§ Task instructions: The whole listing below must be printed again exactly, images excluded.

──────── Data provided ────────

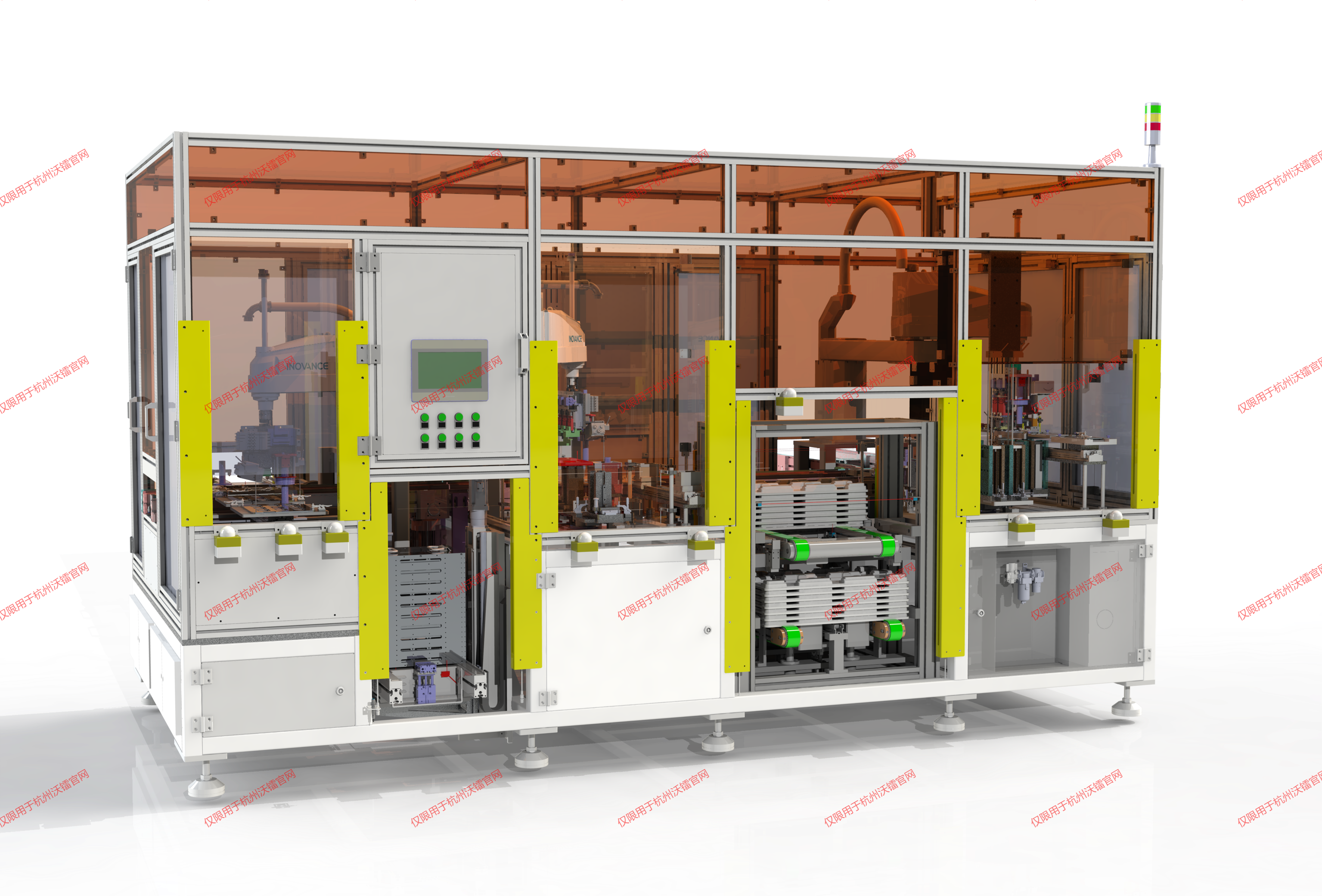 設(shè)備功能實(shí)現(xiàn)DBC與基板的安裝及焊接,通過上下視覺定位將DBC、焊片、插針治具貼裝到銅基板上。再通過焊接爐加熱后將焊片融化,然后將DBC與銅基板焊接在一起。設(shè)備實(shí)現(xiàn)了產(chǎn)品的自動(dòng)上下料、自動(dòng)組裝、焊接治具的自動(dòng)回流等功能。備配有治具防錯(cuò)料庫具有防呆功能,設(shè)備啟動(dòng)前會(huì)自動(dòng)判斷工裝是否安裝正確;設(shè)備有識別解析產(chǎn)品碼功能,可自動(dòng)判斷當(dāng)前產(chǎn)品是否跟系統(tǒng)設(shè)定型號相同或可自動(dòng)根據(jù)產(chǎn)品碼切換程序。支持SECS/GEM、SMEMA通訊接口等協(xié)議。
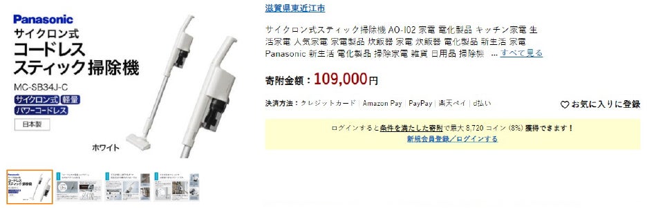 【先行掲載&10月中はふるなび限定!】滋賀県東近江市の返礼品としてパナソニックの人気商品コードレススティック掃除機を掲載開始!
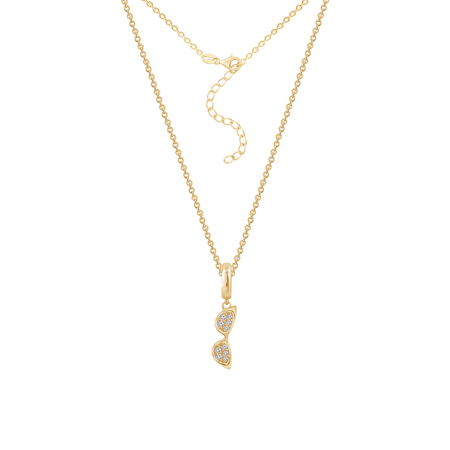 Add a touch of sunny charm to your jewelry collection with this gold-plated sunglasses pendant necklace. Featuring a sleek miniature sunglasses charm accented with sparkling Cubic Zirconia stones, this playful piece brings personality and shine to any look. The dainty chain and polished finish make it perfect for layering or wearing solo.

────────

§ Answer box:
 設(shè)備功能實(shí)現(xiàn)DBC與基板的安裝及焊接,通過上下視覺定位將DBC、焊片、插針治具貼裝到銅基板上。再通過焊接爐加熱后將焊片融化,然后將DBC與銅基板焊接在一起。設(shè)備實(shí)現(xiàn)了產(chǎn)品的自動(dòng)上下料、自動(dòng)組裝、焊接治具的自動(dòng)回流等功能。備配有治具防錯(cuò)料庫具有防呆功能,設(shè)備啟動(dòng)前會(huì)自動(dòng)判斷工裝是否安裝正確;設(shè)備有識別解析產(chǎn)品碼功能,可自動(dòng)判斷當(dāng)前產(chǎn)品是否跟系統(tǒng)設(shè)定型號相同或可自動(dòng)根據(jù)產(chǎn)品碼切換程序。支持SECS/GEM、SMEMA通訊接口等協(xié)議。
 【先行掲載&10月中はふるなび限定!】滋賀県東近江市の返礼品としてパナソニックの人気商品コードレススティック掃除機を掲載開始!
 Add a touch of sunny charm to your jewelry collection with this gold-plated sunglasses pendant necklace. Featuring a sleek miniature sunglasses charm accented with sparkling Cubic Zirconia stones, this playful piece brings personality and shine to any look. The dainty chain and polished finish make it perfect for layering or wearing solo.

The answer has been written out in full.